## Task description
Your answer must consist of the records below, reproduced exactly, with every picture removed.

(Excerpts from a dataset)
-.-.-

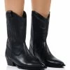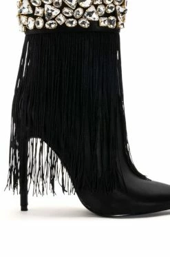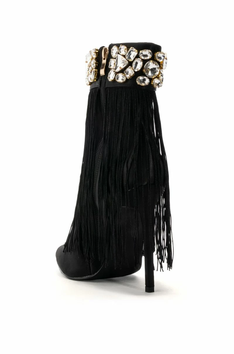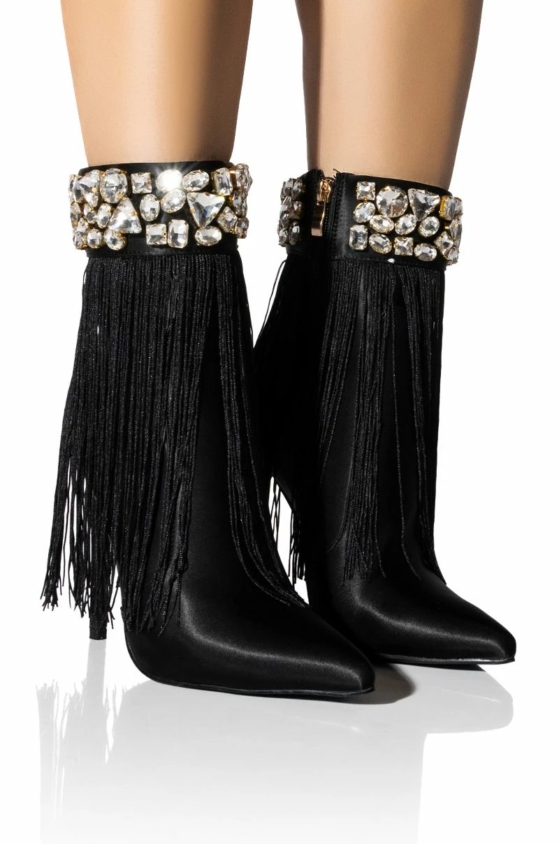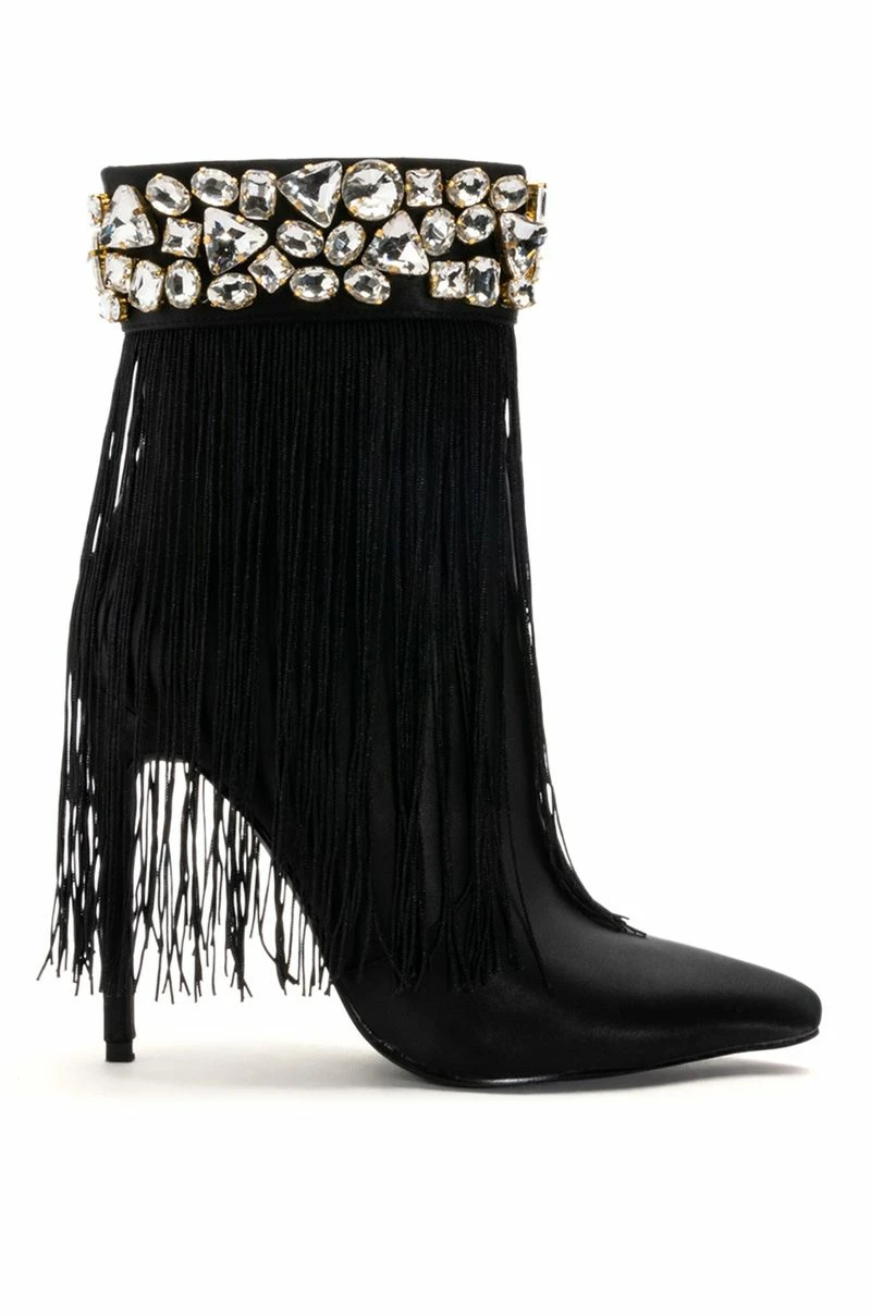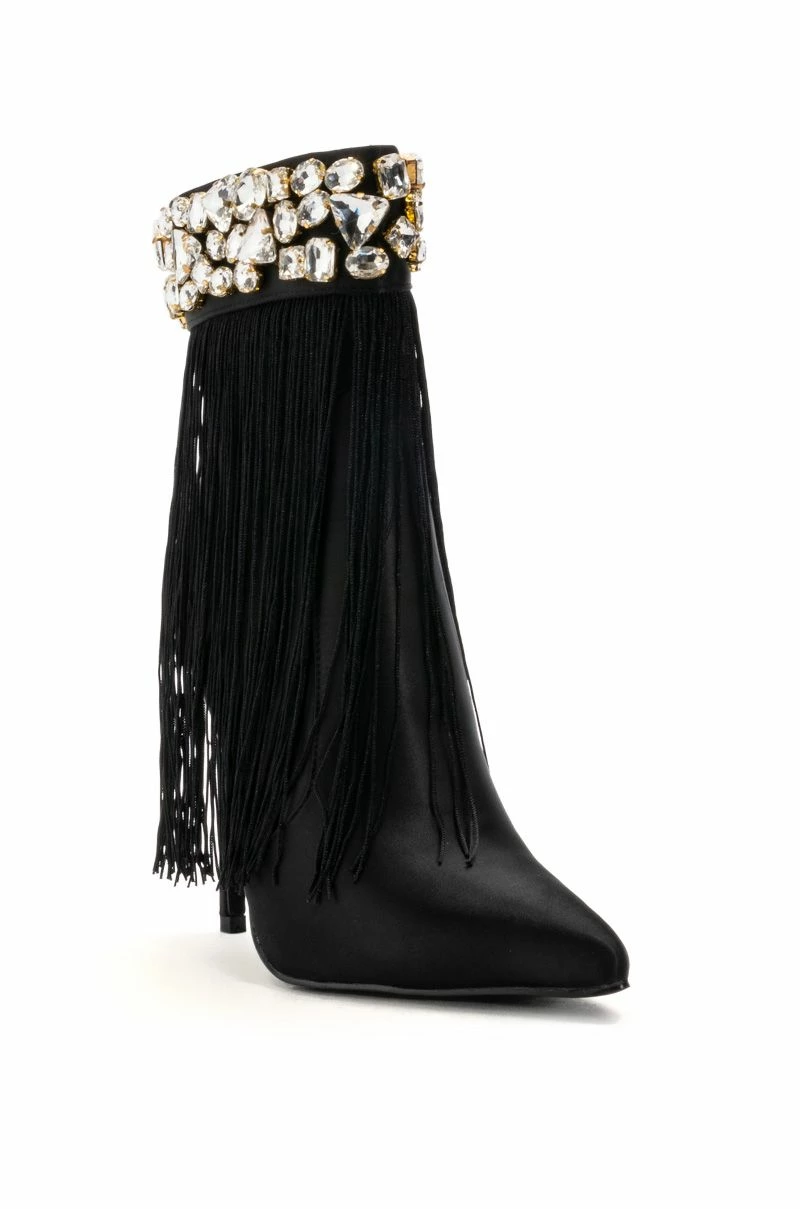 The AZALEA WANG Averi Embellished Fringe Bootie In Black is made from a slick satin upper and features a mid-calf height shaft, a wide, scattered gem-embellished top band with fringe trim, a pointed toe silhouette, and a stiletto heel. Complete with an inner ankle zipper closure.
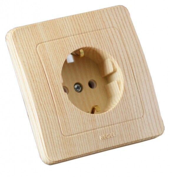 Розетка скрытая с заземлением со шторками сосна - РС16-312-02 HEGEL
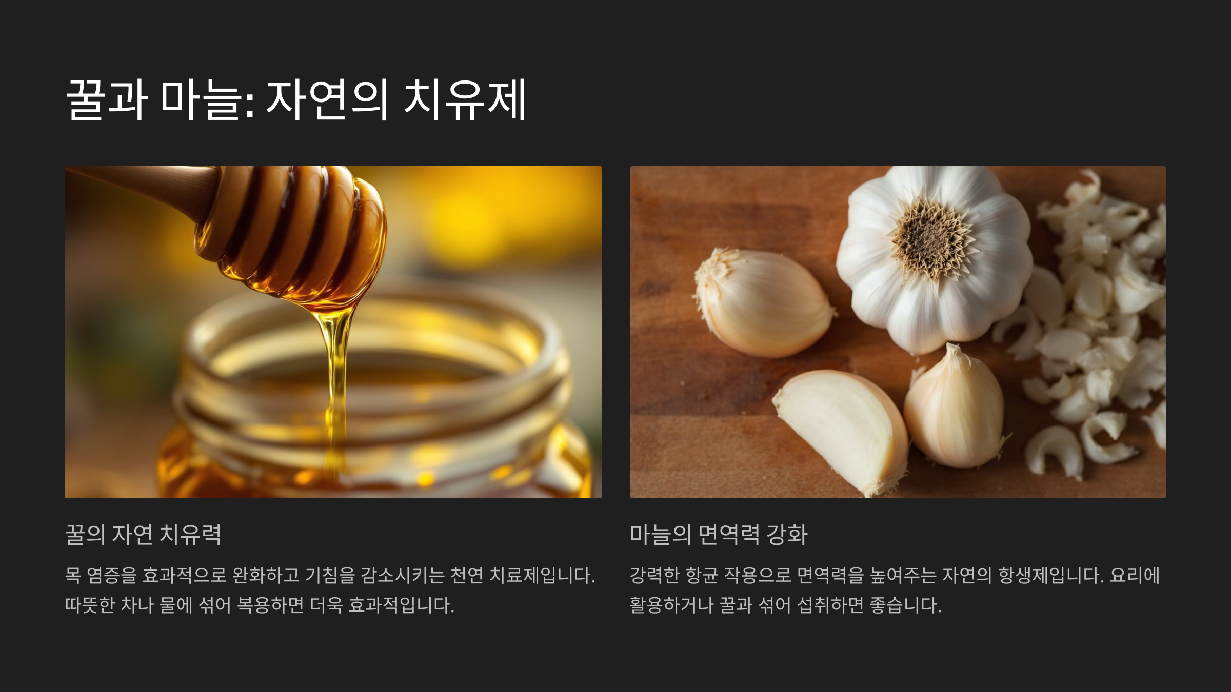 꿀은 목의 염증을 가라앉히고 기침을 줄이는 데 탁월한 효과가 있어요. 특히, 따뜻한 차나 물에 섞어 마시면 몸을 따뜻하게 하고, 진정 효과를 더합니다.
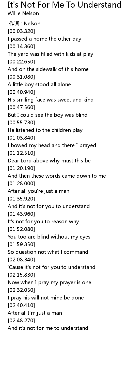 | [02:10.640] | ' Cause it' s not for you to understand |
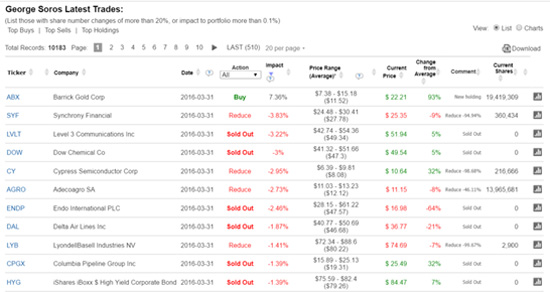 At the beginning of this article we noted that Soros has gone big into American Barrick (ABX), a leading gold producer. As of the end of March it was his single largest holding at 7.36% of his overall portfolio.
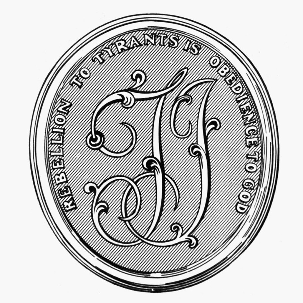 "Rebellion to tyrants is obedience to God" was a motto suggested, but not used, for the Seal of the United States. Jefferson eventually appropriated it for his own seal. The source of the motto as used by Jefferson is likely Benjamin Franklin.[4]
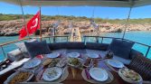 Guests can enjoy sunbathing on deck, dining outdoors, and exploring beautiful bays with snorkeling gear, canoe, or paddleboard while cruising the stunning Turkish coastline.
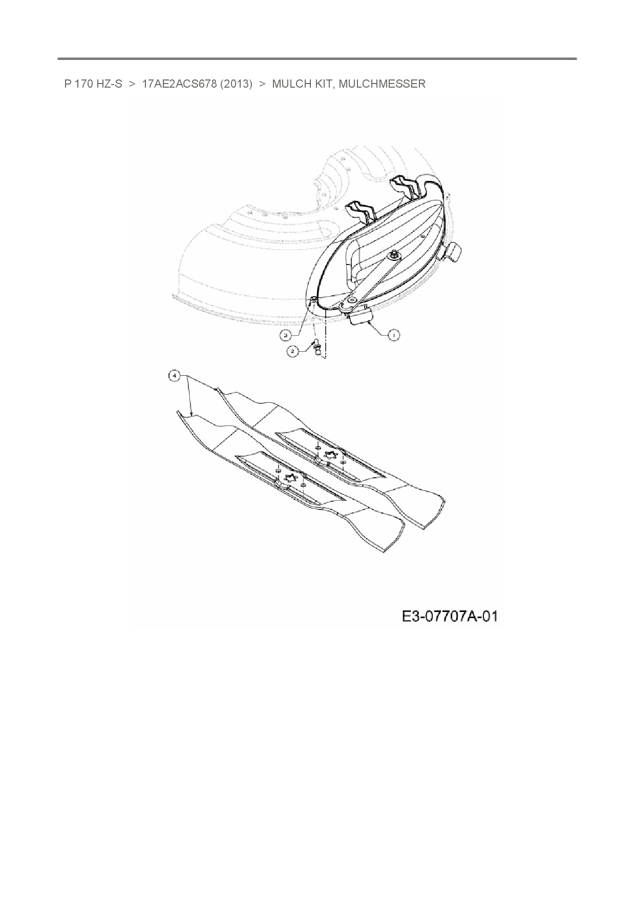Ersatzteile für Zero Turn MTD P 170 HZ-S aus der Zeichnung Mulch Kit, Mulchmesser:

-.-.-

## Written reply
 The AZALEA WANG Averi Embellished Fringe Bootie In Black is made from a slick satin upper and features a mid-calf height shaft, a wide, scattered gem-embellished top band with fringe trim, a pointed toe silhouette, and a stiletto heel. Complete with an inner ankle zipper closure.
 Розетка скрытая с заземлением со шторками сосна - РС16-312-02 HEGEL
 꿀은 목의 염증을 가라앉히고 기침을 줄이는 데 탁월한 효과가 있어요. 특히, 따뜻한 차나 물에 섞어 마시면 몸을 따뜻하게 하고, 진정 효과를 더합니다.
 | [02:10.640] | ' Cause it' s not for you to understand |
 At the beginning of this article we noted that Soros has gone big into American Barrick (ABX), a leading gold producer. As of the end of March it was his single largest holding at 7.36% of his overall portfolio.
 "Rebellion to tyrants is obedience to God" was a motto suggested, but not used, for the Seal of the United States. Jefferson eventually appropriated it for his own seal. The source of the motto as used by Jefferson is likely Benjamin Franklin.[4]
 Guests can enjoy sunbathing on deck, dining outdoors, and exploring beautiful bays with snorkeling gear, canoe, or paddleboard while cruising the stunning Turkish coastline.
Ersatzteile für Zero Turn MTD P 170 HZ-S aus der Zeichnung Mulch Kit, Mulchmesser:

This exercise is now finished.